### [Exercise objective]
Each line of the listing below must be retyped exactly, with images left out.

(Stored data Opens)

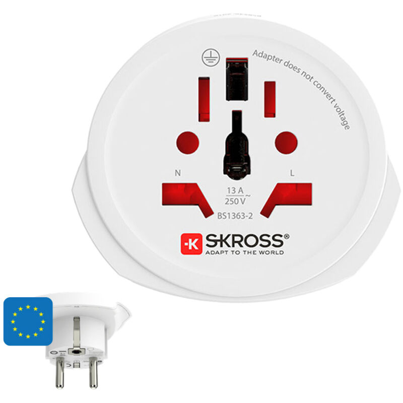 Skross Reisnetadapter Wereld-naar-Europa - Wit
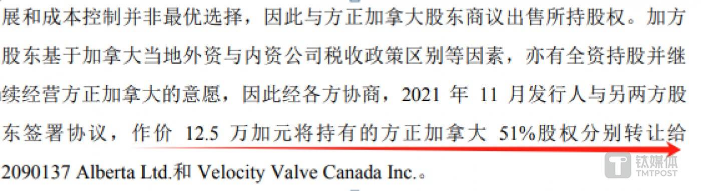 在拿回方正加拿大控制权三至四年后,即 2021 年 11 月,方正阀门以 12.5 万加元的价格将方正加拿大的股权分别转让给了 2090137 Alberta Ltd. 和 Velocity Valve Canada Inc.。
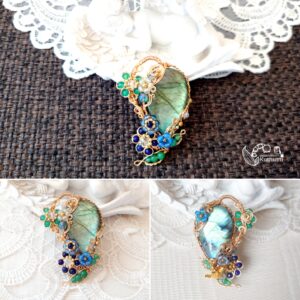 それぞれの色に感じる平和・冷静・品位を纏っている雰囲気にしたくて、グリーンに輝くラブラドライトを勾玉styleにドレスアップしました✨
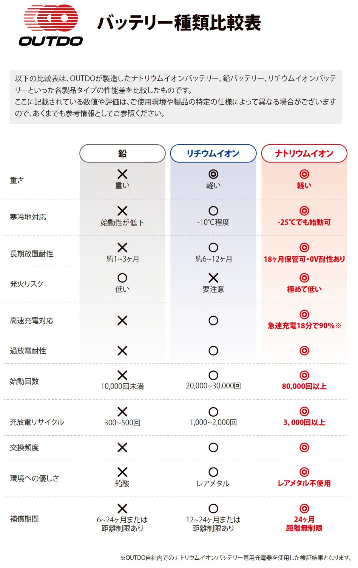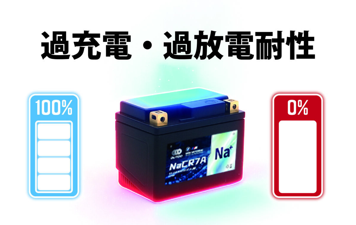 OUTDOナトリウムイオンは、過放電、過充電による損傷が出にくい特性を持っている。

(Stored data Closes)

### [Answer box]
 Skross Reisnetadapter Wereld-naar-Europa - Wit
 在拿回方正加拿大控制权三至四年后,即 2021 年 11 月,方正阀门以 12.5 万加元的价格将方正加拿大的股权分别转让给了 2090137 Alberta Ltd. 和 Velocity Valve Canada Inc.。
 それぞれの色に感じる平和・冷静・品位を纏っている雰囲気にしたくて、グリーンに輝くラブラドライトを勾玉styleにドレスアップしました✨
 OUTDOナトリウムイオンは、過放電、過充電による損傷が出にくい特性を持っている。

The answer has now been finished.